## Prompt
Find the line below with "وقد ارتد المؤشر" and the line with "En mars 2026, la". Output them and the lines between, exactly, but not the pictures.

## Excerpted data
------------------------------------------------------------

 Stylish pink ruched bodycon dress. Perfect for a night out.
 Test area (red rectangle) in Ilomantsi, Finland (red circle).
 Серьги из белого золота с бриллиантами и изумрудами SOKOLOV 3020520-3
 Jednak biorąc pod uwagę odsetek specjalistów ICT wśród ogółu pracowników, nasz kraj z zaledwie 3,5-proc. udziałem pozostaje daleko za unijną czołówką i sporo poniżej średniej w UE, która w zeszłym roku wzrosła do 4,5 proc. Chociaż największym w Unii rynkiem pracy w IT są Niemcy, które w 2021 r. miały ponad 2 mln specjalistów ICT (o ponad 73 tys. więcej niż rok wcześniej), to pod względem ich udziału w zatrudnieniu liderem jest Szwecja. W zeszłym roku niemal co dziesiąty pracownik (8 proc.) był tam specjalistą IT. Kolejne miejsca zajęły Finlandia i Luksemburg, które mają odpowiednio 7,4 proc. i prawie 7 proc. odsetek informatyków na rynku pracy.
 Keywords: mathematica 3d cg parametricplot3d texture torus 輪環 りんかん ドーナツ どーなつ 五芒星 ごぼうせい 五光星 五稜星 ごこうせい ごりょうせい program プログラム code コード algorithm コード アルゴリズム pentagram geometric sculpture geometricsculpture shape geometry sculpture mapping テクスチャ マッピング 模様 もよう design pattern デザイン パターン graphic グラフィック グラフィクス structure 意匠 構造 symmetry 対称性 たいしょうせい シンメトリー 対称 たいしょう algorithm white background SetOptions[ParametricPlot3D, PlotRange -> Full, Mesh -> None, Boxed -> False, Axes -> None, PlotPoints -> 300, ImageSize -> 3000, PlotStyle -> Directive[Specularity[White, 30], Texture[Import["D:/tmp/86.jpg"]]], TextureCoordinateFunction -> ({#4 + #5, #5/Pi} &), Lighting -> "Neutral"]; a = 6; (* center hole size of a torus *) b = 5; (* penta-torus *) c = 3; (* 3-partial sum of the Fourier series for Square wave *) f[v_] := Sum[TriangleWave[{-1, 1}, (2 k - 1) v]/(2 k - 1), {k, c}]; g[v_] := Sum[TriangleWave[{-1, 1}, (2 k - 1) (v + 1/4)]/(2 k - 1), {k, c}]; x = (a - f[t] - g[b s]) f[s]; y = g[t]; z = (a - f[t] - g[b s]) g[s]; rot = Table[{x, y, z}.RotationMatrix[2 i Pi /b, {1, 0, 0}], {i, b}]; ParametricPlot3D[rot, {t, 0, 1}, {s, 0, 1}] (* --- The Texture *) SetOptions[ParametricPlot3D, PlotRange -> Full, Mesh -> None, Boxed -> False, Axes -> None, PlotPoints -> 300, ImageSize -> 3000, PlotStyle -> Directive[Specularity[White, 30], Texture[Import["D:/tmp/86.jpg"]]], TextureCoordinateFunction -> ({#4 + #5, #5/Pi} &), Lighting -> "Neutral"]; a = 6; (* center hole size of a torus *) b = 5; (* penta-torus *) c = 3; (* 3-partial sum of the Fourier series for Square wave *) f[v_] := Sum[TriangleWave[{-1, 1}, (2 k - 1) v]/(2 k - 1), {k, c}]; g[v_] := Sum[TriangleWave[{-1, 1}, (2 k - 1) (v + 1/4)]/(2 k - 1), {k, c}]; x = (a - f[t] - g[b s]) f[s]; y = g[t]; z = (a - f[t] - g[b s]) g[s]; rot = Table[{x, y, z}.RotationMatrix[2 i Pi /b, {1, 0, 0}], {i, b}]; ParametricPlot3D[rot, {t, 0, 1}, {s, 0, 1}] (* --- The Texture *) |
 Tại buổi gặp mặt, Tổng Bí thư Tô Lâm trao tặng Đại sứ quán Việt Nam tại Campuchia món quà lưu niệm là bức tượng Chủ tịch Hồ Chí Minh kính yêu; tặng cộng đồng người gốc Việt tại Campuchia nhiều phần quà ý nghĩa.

------------------------------------------------------------

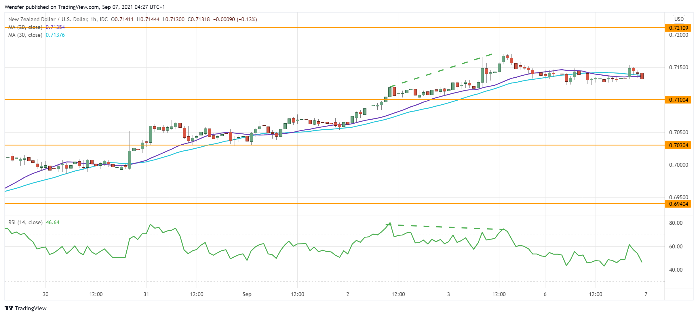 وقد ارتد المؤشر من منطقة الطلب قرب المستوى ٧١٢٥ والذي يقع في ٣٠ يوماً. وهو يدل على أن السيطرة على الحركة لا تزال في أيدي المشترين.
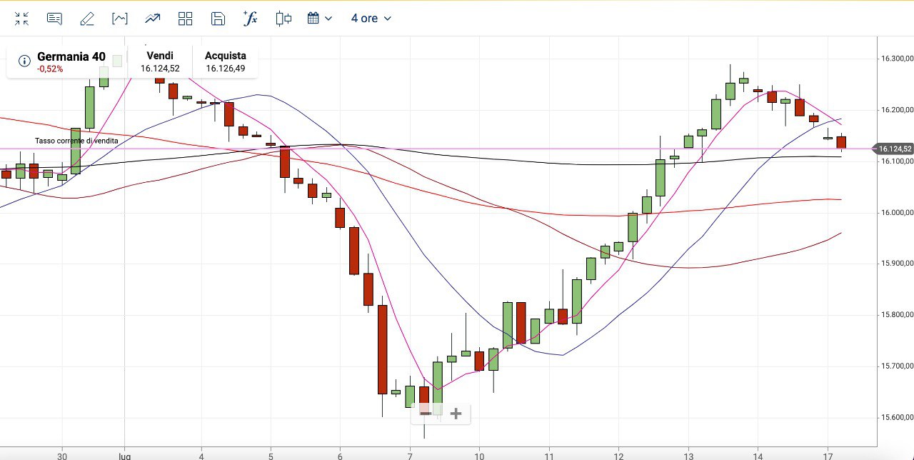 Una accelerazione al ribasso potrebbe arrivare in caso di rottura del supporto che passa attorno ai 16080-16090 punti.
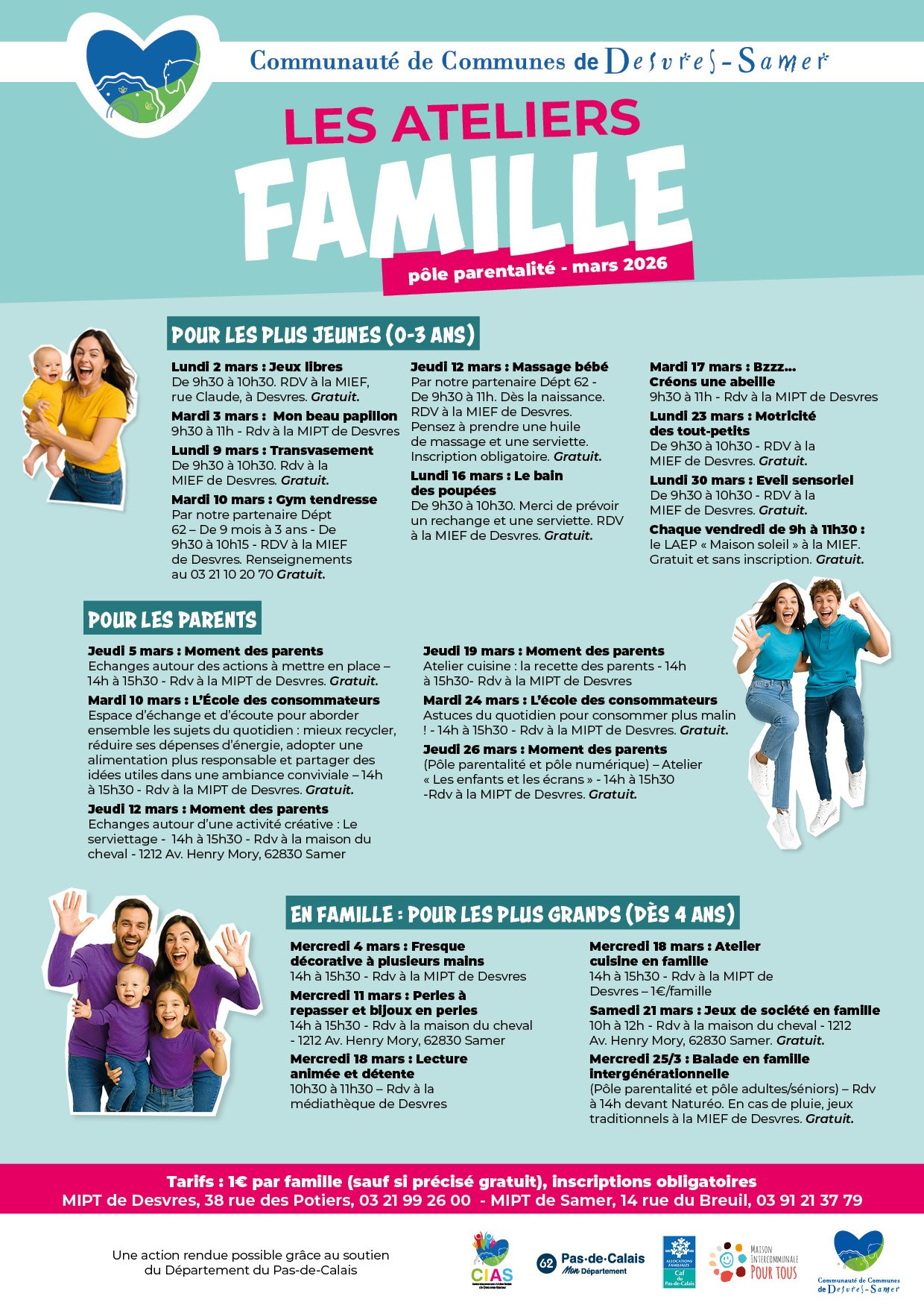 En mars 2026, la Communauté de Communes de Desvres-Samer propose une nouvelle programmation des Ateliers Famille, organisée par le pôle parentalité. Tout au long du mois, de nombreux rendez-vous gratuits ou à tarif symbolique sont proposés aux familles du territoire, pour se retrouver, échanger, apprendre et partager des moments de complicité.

------------------------------------------------------------

## Output
 وقد ارتد المؤشر من منطقة الطلب قرب المستوى ٧١٢٥ والذي يقع في ٣٠ يوماً. وهو يدل على أن السيطرة على الحركة لا تزال في أيدي المشترين.
 Una accelerazione al ribasso potrebbe arrivare in caso di rottura del supporto che passa attorno ai 16080-16090 punti.
 En mars 2026, la Communauté de Communes de Desvres-Samer propose une nouvelle programmation des Ateliers Famille, organisée par le pôle parentalité. Tout au long du mois, de nombreux rendez-vous gratuits ou à tarif symbolique sont proposés aux familles du territoire, pour se retrouver, échanger, apprendre et partager des moments de complicité.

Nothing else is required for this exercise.